Abgesehen davon, dass 5 Gehäuselüfter mehr als übertrieben sind...

Wo liegt das Problem ?


----------



## Kaktus (17. Juni 2010)

*AW: 6 Lüfter an Pc gut?*

Pff.. wieder so ein verrückter. Ich habe 3 Gehäuselüfter die gemütlich vor sich hin drehen und sehe selbst bei sommerlichen Temperaturen nicht das hier auch nur eine Komponente annähernd zu warm wird.


----------



## Infernal-jason (17. Juni 2010)

*AW: 6 Lüfter an Pc gut?*

meine frage ist dann ich des villeicht gut für den pc wenn ich so viele lüfter anschliese ? wird die leistung villeicht beeinträchtigt?


----------



## HappyMutant (17. Juni 2010)

*AW: 6 Lüfter an Pc gut?*

Zu viele Lüfter schaden natürlich nicht. Ob es sinnvoll ist sei mal dahingestellt, aber Probleme in dem Sinne macht das nicht, solange sie vorne Luft ansaugen und hinten Luft raus blasen. 

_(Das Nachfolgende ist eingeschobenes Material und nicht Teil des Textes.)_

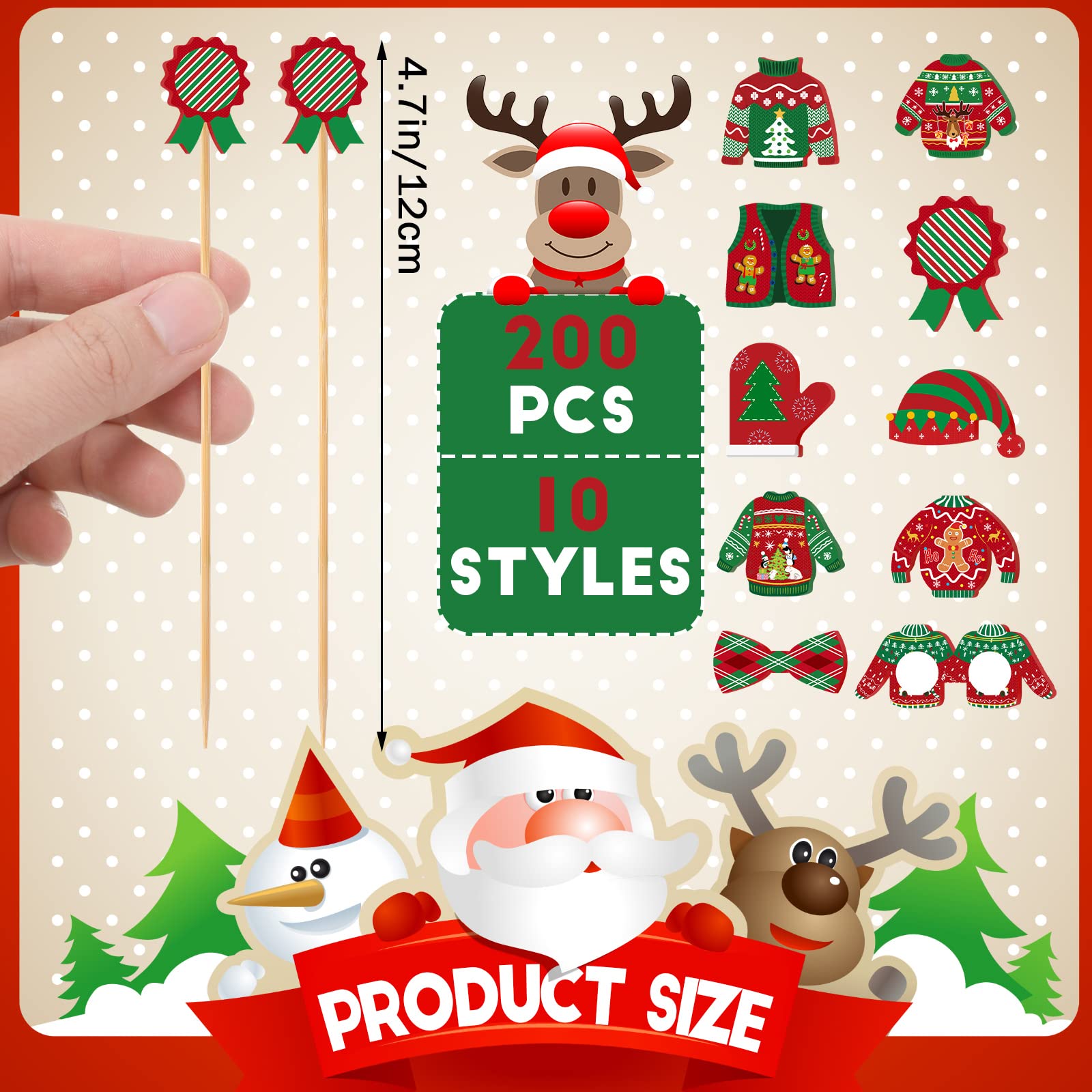 β’ Adorable Toothpicks Sets: you will receive 200 pieces of ugly sweater cocktail picks, they are designed with 10 styles, 20 pieces for each style, stylish and adorable, the rich quantity can satisfy your different daily needs and replacement

Inwiefern läuft der CPU-Lüfter langsamer? Im Vergleich zu welchem Zustand?


----------



## -Masterchief- (17. Juni 2010)

*AW: 6 Lüfter an Pc gut?*

Leute, Leute ^^
Ich habe ein Antec 1200 wo sowieso schon 6 drin sind und ja ich habe auch 6 Lüfter 3 vorne die ansaugen 1 an der Decke der absaugt und 2 hinten die absaugen .....
Natülich nicht die Standart Lüfter und ich finde es nicht übertrieben .
Ok varriert ja eig eh nach Case aber naja hab damit alles gesagt 
mfg


----------



## Infernal-jason (17. Juni 2010)

*AW: 6 Lüfter an Pc gut?*

also wenn ich den lüftereinstellung etwas geringer einstelle dreht sich der an der mugen 2 schneller. doch der an der mugen 2 ist der einzige der an der an mainboard angeschlossen ist


----------



## Kaktus (17. Juni 2010)

*AW: 6 Lüfter an Pc gut?*

Der CPU Lüfter hängt sicherlich ganz normal am CPU_Fan Anschluss und wird hier vom Board automatisch geregelt. Denke ich mir zumindest

In wie fern soll es der Leistung schaden? Langsamer oder schneller, besser oder schlechter läuft dein Rechner dadurch nicht. Nur ist die Anzahl der Lüfter stark übertrieben. Sofern du die Lüfter nicht gedrosselt hast oder generell sehr langsam laufende Lüfter hast, wirst du sicherlich einen schönen Brüllwürfel bei dir stehen haben.


----------



## HappyMutant (17. Juni 2010)

*AW: 6 Lüfter an Pc gut?*

Der CPU-Lüfter wird sicherlich durchs Board geregelt, deswegen dreht der langsamer oder schneller, je nach dem wie du die anderen Lüfter aufdrehst. Wenn die Gehäuselüfter auf voller Leistung röhren, kühlt das halt auch die CPU mit bzw. senkt das die Umgebungstemperatur auch etwas. Muss der CPU-Lüfter also nicht so schnell drehen. Der Effekt ist natürlich witzlos, weil die Gehäuselüfter zusammen eh lauter sind als der CPU-Lüfter.


----------



## -Masterchief- (17. Juni 2010)

*AW: 6 Lüfter an Pc gut?*

Ich finde der Thread hat keinen grossen Sinn und sollt deswegen lieber ....... 
Im Ernst warum sollten 6 Lüfter nicht gut sein oä  einzig der Airflow muss stimmen und man sollte es mit den Lüftern nicht zuu übertreiben sprich 10 Lüfter oder so 
mfg


----------



## HappyMutant (17. Juni 2010)

*AW: 6 Lüfter an Pc gut?*

Wann wird denn hier mal ein Thread geschlossen. 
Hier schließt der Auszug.